Start of Task input
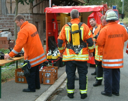 Hoher Sachschaden in der Waldbrunner Straße Presslufttankstelle am Atemschutzcontainer. (Foto: Wörner)Mehr Bilder (Klicken zum Vergrößern):
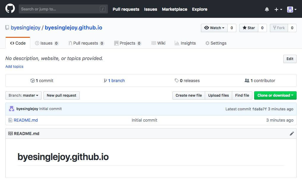 通常过几分钟,“username.github.io"就可访问,这时我们的网站已经被创制出来了。我们还需要修改它的显示内容,以表达我们的意见,呈现真实世界。 这时返回首页,即可看到我们的项目库已经建立,点击进入。
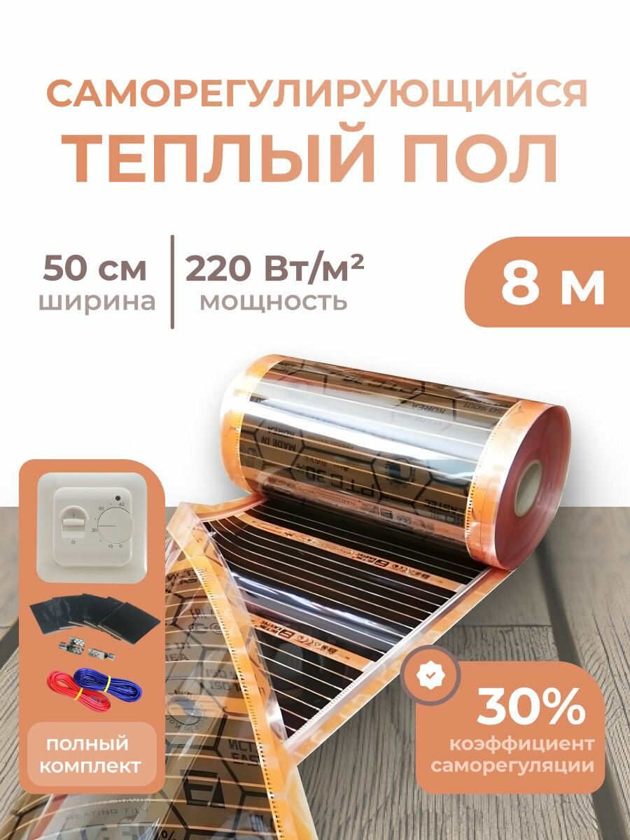 Саморегулирующаяся инфракрасная плёнка (Ширина 50 см) 8м. кв. Комплект с Сенсорным терморегулятором
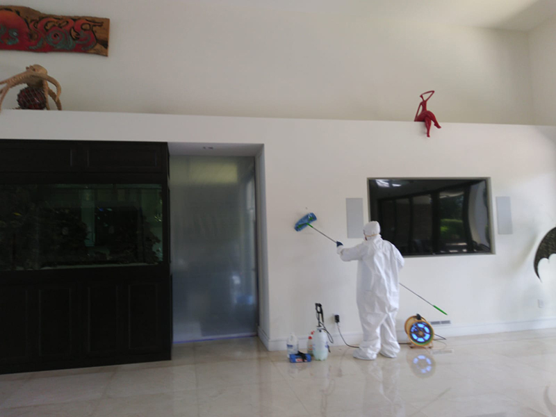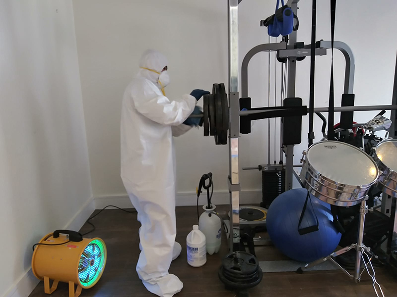 A technician disinfects a home gym from viruses and harmful bacteria.
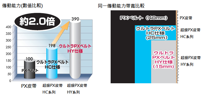 傳動能力是超級 PX 皮帶 HC 系列的 1.3~2.0 倍,適用於高頻率裝置和減少重量。
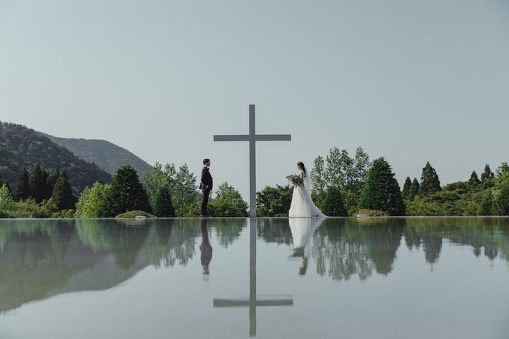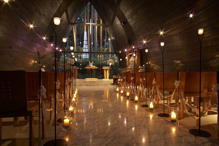 北海道、トマムにある安藤忠雄氏による設計の「水の教会」。深い森の中、自然との共生をテーマに建てられており、建築を通して自然の要素「水・風・光・緑」に触れることができます。着席で最大80名まで列席できます。
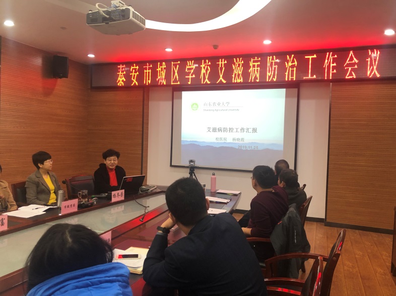 11月25日上午,校医院院长杨晓霞参加了泰安市疾控中心组织的“泰安市城区学校艾滋病防治工作会议”。会上,泰安市疾控中心杨冬芳主任介绍了泰安市艾滋病的疫情及防治形势。目前,泰城的大多数高校均有学生患者,并且患病人数有逐年递增的趋势。
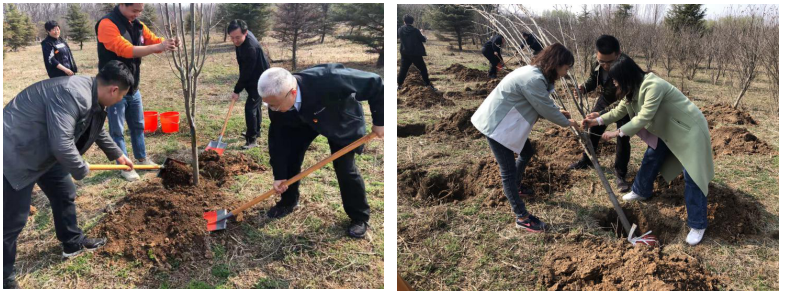 签约仪式结束后,全体党员共同前往植树地点开展植树活动。在这个春回大地、欣欣向荣的日子里,大家分工明确、齐心协力,按照“挖坑、播种、填土、浇水”的程序,将一棵棵充满生机与希望的树苗植入充满活力的土壤,同时也种下了我们的希望之树。结对双方在一片热火朝天、其乐融融的氛围中顺利完成了本次植树活动,为济西湿地更增添了一份新绿。
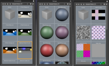 Applies a predefined texture to your scene to quickly see a preview in the 3D Viewport using any of the 3D Viewport Styles. A variety of environments, MatCaps shaders, and UV textures are available. For more information, see Viewport Textures. |
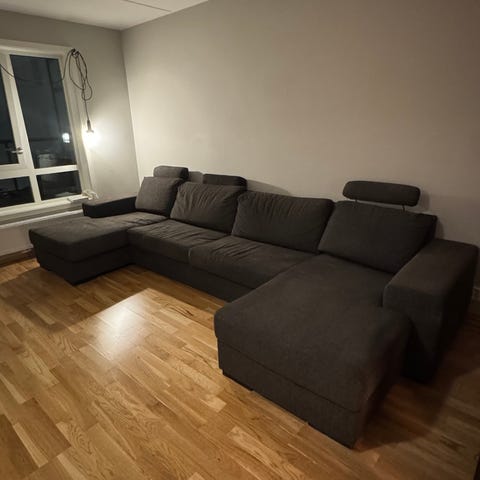 Selger en stor og komfortabel hjørnesofa i lys beige stoff. Sofaen er god å sitte i og har en fin, myk form som passer godt i stuen.
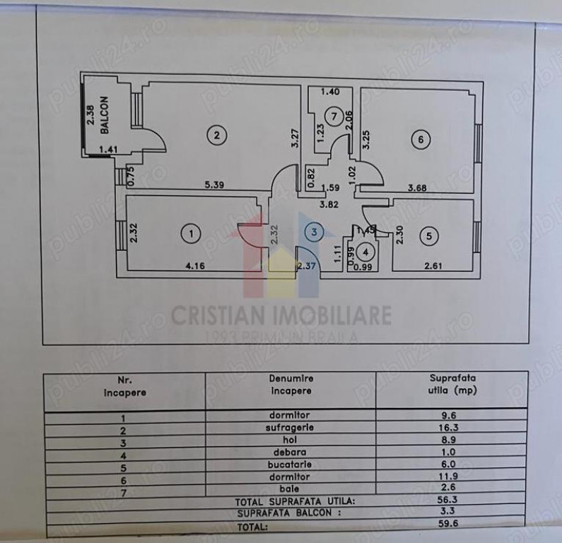 SUPER PRET Apartament 3 camere, confort 1, decomandat, suprafata utila 60 mp, etaj 3 - centrala termica proprie; - termopan PVC (inclusiv in balcon); - parchet lemn natural, faianta, gresie; - usi interioare din lemn; - usa intrare din metal; - interfon; - casa scarii este iluminata natural; - izolat termic; - vedere atat in fata blocului cat si in curtea interioara; - nelocuit, se poate preda oricand. Cristian Imobiliare - din 1993 Primii in Braila CRS6668 amp;11
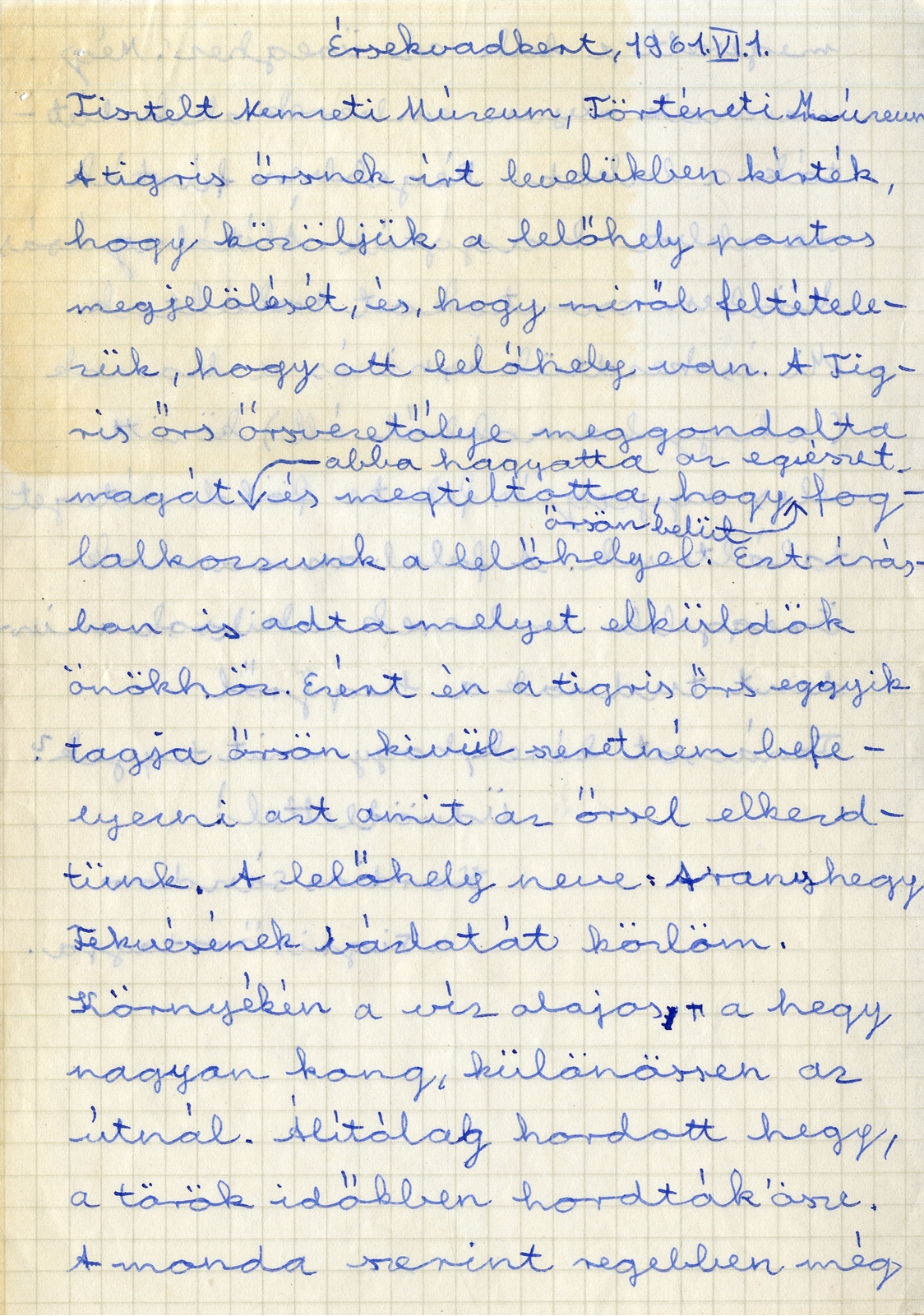 Részlet Horváth A. János 1933-as ásatási jelentéséből (Nógrádverőce)
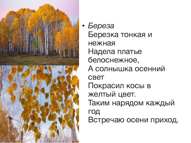 Береза Березка тонкая и нежная Надела платье белоснежное, А солнышка осенний свет Покрасил косы в желтый цвет.
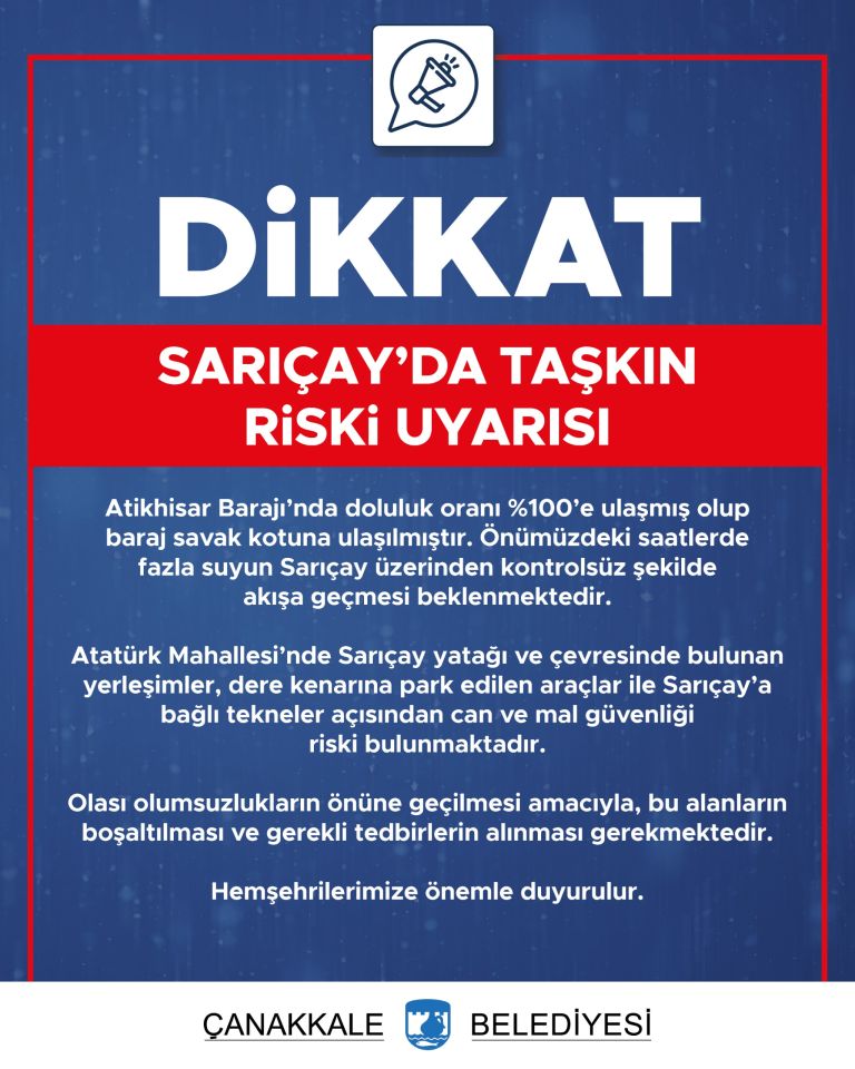 Belediye tarafından yapılan açıklamada, önümüzdeki saatlerde fazla suyun Sarıçay üzerinden kontrolsüz şekilde akışa geçmesinin beklendiği belirtildi. Özellikle dere yatağına yakın bölgelerde bulunan yerleşim yerleri, park halindeki araçlar ve Sarıçay’a bağlı tekneler için can ve mal güvenliği riski oluşabileceği ifade edildi.
End of Task input
### How to complete this task
Write out word for word the lines above that run from the one with "傳動能力是超級 PX 皮帶" to the one with "Selger en stor". Include both end lines; exclude the images.

### Exercise solution
 傳動能力是超級 PX 皮帶 HC 系列的 1.3~2.0 倍,適用於高頻率裝置和減少重量。
 北海道、トマムにある安藤忠雄氏による設計の「水の教会」。深い森の中、自然との共生をテーマに建てられており、建築を通して自然の要素「水・風・光・緑」に触れることができます。着席で最大80名まで列席できます。
 11月25日上午,校医院院长杨晓霞参加了泰安市疾控中心组织的“泰安市城区学校艾滋病防治工作会议”。会上,泰安市疾控中心杨冬芳主任介绍了泰安市艾滋病的疫情及防治形势。目前,泰城的大多数高校均有学生患者,并且患病人数有逐年递增的趋势。
 签约仪式结束后,全体党员共同前往植树地点开展植树活动。在这个春回大地、欣欣向荣的日子里,大家分工明确、齐心协力,按照“挖坑、播种、填土、浇水”的程序,将一棵棵充满生机与希望的树苗植入充满活力的土壤,同时也种下了我们的希望之树。结对双方在一片热火朝天、其乐融融的氛围中顺利完成了本次植树活动,为济西湿地更增添了一份新绿。
 Applies a predefined texture to your scene to quickly see a preview in the 3D Viewport using any of the 3D Viewport Styles. A variety of environments, MatCaps shaders, and UV textures are available. For more information, see Viewport Textures. |
 Selger en stor og komfortabel hjørnesofa i lys beige stoff. Sofaen er god å sitte i og har en fin, myk form som passer godt i stuen.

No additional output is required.